▶ _Description of the task_
Nothing but the lines from the one with "The 4278A has" through the last line of the entries below should appear in the copy, please, and no pictures.

Source records:
=== Section Start ===

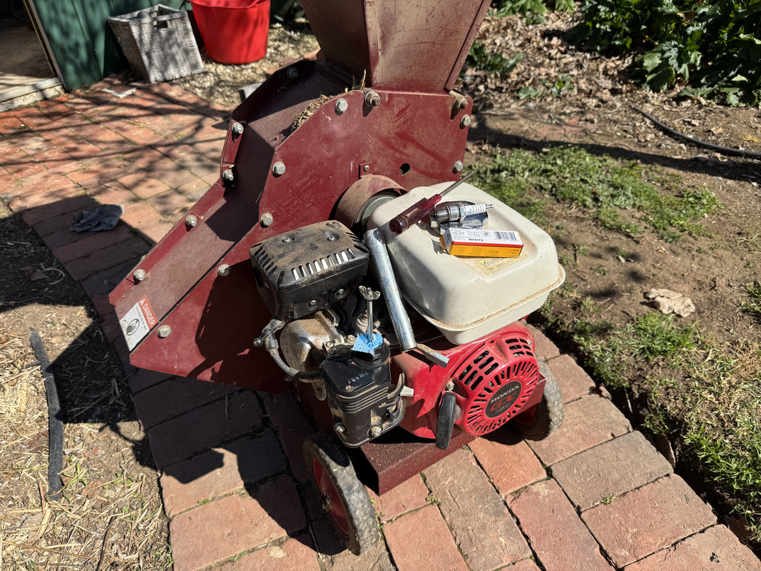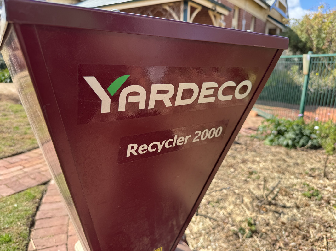 The shredder in question is a Yardeco Recycler 2000 fitted with the 5hp Honda GX 160 engine. These are Australian designed and engineered and were available with Briggs & Stratton or Honda engines, thankfully, the owner went with the Honda engine (I hate Honda machines but like their commercial engines). It would appear the Yardeco brand no longer makes shredders, but still offers garden scratchers (tillers), powered wheelbarrows, and log splitters.
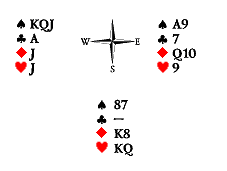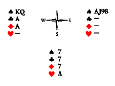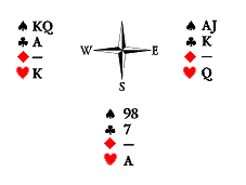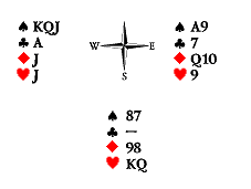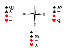 Счёт правильный — Юг и Восток могут взять пять взяток из шести. Запад контролирует пику и трефу, а у нас есть угрозы в обеих этих мастях. Сквизующей картой может стать либо черва, либо бубна. Которая из них? Черва, поскольку она находится в руке напротив двухкарточной угрозы. Две бубны нужно отобрать немедленно, а затем пойти червой и «удавить» Запада второй червой. Если мы сыграем картами в другой последовательности, то на вторую черву Запад снесёт валета бубён, а Восток вынужден будет решать проблему сноса одной из чёрных карт уже на этой стадии розыгрыша. Что бы он ни снёс, сквиз будет разрушен. Достаточно заменить девятку бубён Юга на короля той же масти, чтобы проблема последовательности ходов отпала:
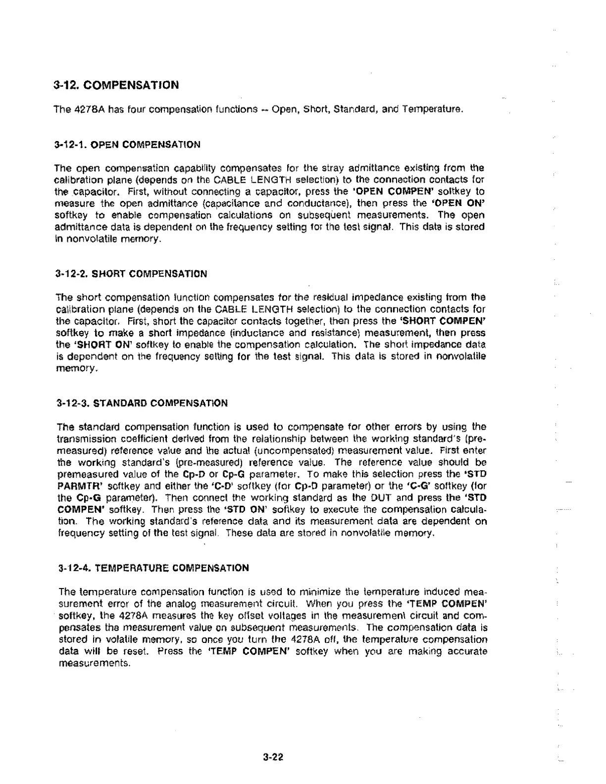The 4278A has four compensation functions -- Open, Short, Standard, and Temperature.
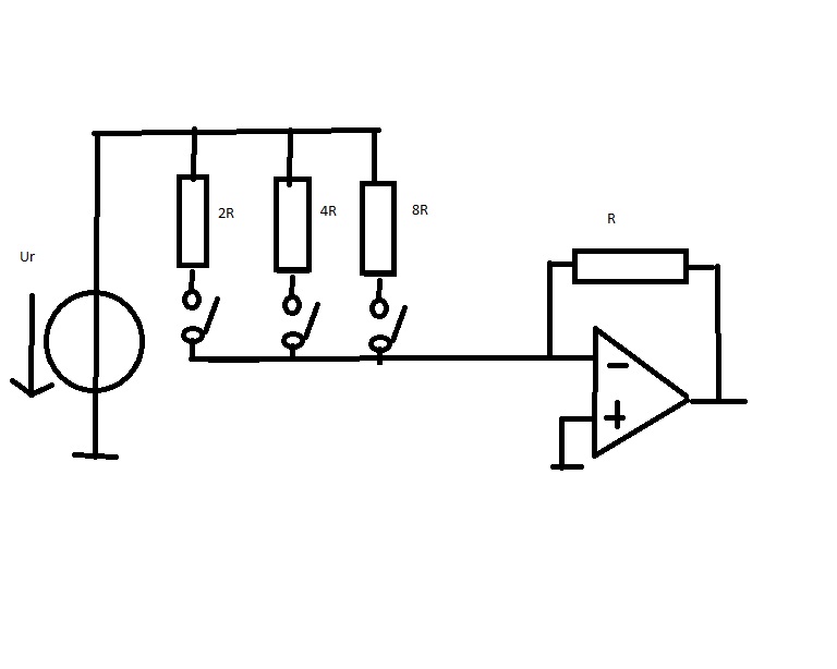 Olyan kérdésben kérnék kis segítséget, hogy kellene egy D/A-t rárakni egy Pic kimenetére. Ehhez kellene valami használható kapcsolás. A létrás R-2R jöhet szóba, vagy a súlyozott 2R, 4R, 8R. Az előzőnél az egyes ágakat a műv er.-re vagy földre kell kapcsolni (ez szerintem bonyolultabb). Így inkább az utóbbi megoldás tűnik jónak, ott az egyes ágakat kell be, vagy kikapcsolni a körbe. A (kép) Referencia fesz az a pic kimenete lenne, így 0, vagy 5 V. Illetve ami fontos, hogy a D/A kimenetre nekem 0-5V kell; 2 bites osztásban teljesen jó. 1. kérdés: A műv er milyen legyen? 2. kérdés: mekkora legyen az me. tápja? Az épített áramkörben lesz +12V és +5V, de ha +5-öt adok tápnak, akkor a kimeneten olyan 1-4V lesz az me. miatt. 3.kérdés: Ez a D/A így működhet? A 0V-on levő kimenet nem megy tönkre a +5v-os másik kimenet miatt?
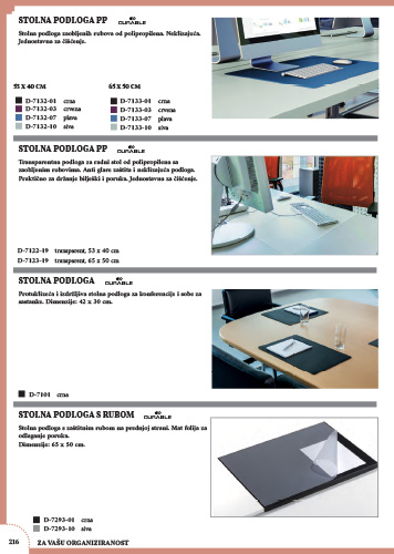 Visokokvalitetna potpisna mapa s 20 razdjelnika za jednostavno razvrstavanje pošte, dokumenata i slično. Korice od čvrstog RC sivog kartona presvučenog kvalitetnom tkaninom u boji, prozorčić za umetanje natpisa. Dimenzije: 240x350x25 mm

=== Section End ===

▶ _Exercise answer_
The 4278A has four compensation functions -- Open, Short, Standard, and Temperature.
 Olyan kérdésben kérnék kis segítséget, hogy kellene egy D/A-t rárakni egy Pic kimenetére. Ehhez kellene valami használható kapcsolás. A létrás R-2R jöhet szóba, vagy a súlyozott 2R, 4R, 8R. Az előzőnél az egyes ágakat a műv er.-re vagy földre kell kapcsolni (ez szerintem bonyolultabb). Így inkább az utóbbi megoldás tűnik jónak, ott az egyes ágakat kell be, vagy kikapcsolni a körbe. A (kép) Referencia fesz az a pic kimenete lenne, így 0, vagy 5 V. Illetve ami fontos, hogy a D/A kimenetre nekem 0-5V kell; 2 bites osztásban teljesen jó. 1. kérdés: A műv er milyen legyen? 2. kérdés: mekkora legyen az me. tápja? Az épített áramkörben lesz +12V és +5V, de ha +5-öt adok tápnak, akkor a kimeneten olyan 1-4V lesz az me. miatt. 3.kérdés: Ez a D/A így működhet? A 0V-on levő kimenet nem megy tönkre a +5v-os másik kimenet miatt?
 Visokokvalitetna potpisna mapa s 20 razdjelnika za jednostavno razvrstavanje pošte, dokumenata i slično. Korice od čvrstog RC sivog kartona presvučenog kvalitetnom tkaninom u boji, prozorčić za umetanje natpisa. Dimenzije: 240x350x25 mm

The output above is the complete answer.